PBOC Steps Up Cash Injections Before Holiday as Rates Increaseby
Open-market operations added a net 40 billion yuan this week
Seven-day repo rate climbs by the most in seven weeks
China’s central bank stepped up cash injections as a benchmark money-market rate climbed the most in seven weeks in the run-up to a weeklong holiday.
The People’s Bank of China added 80 billion yuan ($12.5 billion) to the financial system on Thursday using 14-day reverse-repurchase agreements, double the 40 billion yuan supplied via seven-day contracts a week ago. Open-market operations injected a net 40 billion yuan for the week. The tenor of reverse repos auctioned was changed as China’s financial markets will be closed Oct. 1-7 for the National Day holiday.
The seven-day repurchase rate, a gauge of interbank funding availability, rose 12 basis points to close at 2.46 percent in Shanghai, based on a weighted average from the National Interbank Funding Center. While that’s the biggest one-day gain since Aug. 7, the rate is still below the past year’s average of 3.18 percent. The cost of one-year interest-rate swaps, the fixed payment to receive the floating seven-day repo rate, was steady at 2.48 percent.
More reverse repos were offered “to meet increased cash demand before the National Day holiday," said Li Miaoxian, a Beijing-based analyst at Bocom International Holdings Co. "The amount of the injection isn’t that huge as money-market rates remain at quite low levels."
The government will further cut its economic expansion target to between 6.5 percent and 7 percent for 2016, according to eight of 15 economists in a Bloomberg News survey conducted Sept. 17-22. Four said they expect a 6.5 percent goal. China’s manufacturing is contracting at the fastest pace in six
years, a preliminary Purchasing Managers’ Index showed on Wednesday.
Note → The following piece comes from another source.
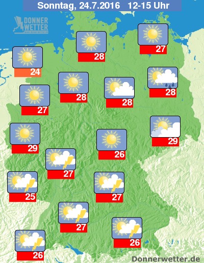 Heute Nachmittag ist es über der Nordhälfte der Bundesrepublik verbreitet sonnig und nur gebietsweise ziehen auch mal einige Wolken durch, dabei bleibt es weitgehend trocken. Oft heiter und meist trocken ist es zudem auch in der Osthälfte von Bayern. In den weiter nach Südwesten hin liegenden Landesteilen zeigen sich zwar oft Auflockerungen, jedoch ziehen hier ebenso auch dichte Wolken durch, die hier wiederholt für Schauer und auch örtliche Gewitter sorgen. Die Temperatur steigt auf 25 Grad an der Nordsee und bis auf etwa 30 Grad im Ruhrgebiet.

China has lowered interest rates five times since November in an attempt to revive an economy that’s expanding at the slowest pace since 1990. The yield on government bonds due July 2025 slipped two basis points to 3.32 percent in Shanghai, according to Chinabond data.
The yuan rose 0.04 percent versus the dollar, trimming its loss for the quarter to 2.8 percent. The PBOC has been limiting declines in the exchange rate by selling dollars and buying yuan, a policy that can strain supplies of the local currency unless offsetting amounts of cash are injected.
"The poor data exerted greater depreciation pressure on the yuan and could trigger more intervention by the PBOC," Qu Qing, a Beijing-based analyst at Huachuang Securities Co., wrote in a note. "That could lead to more volatile liquidity conditions."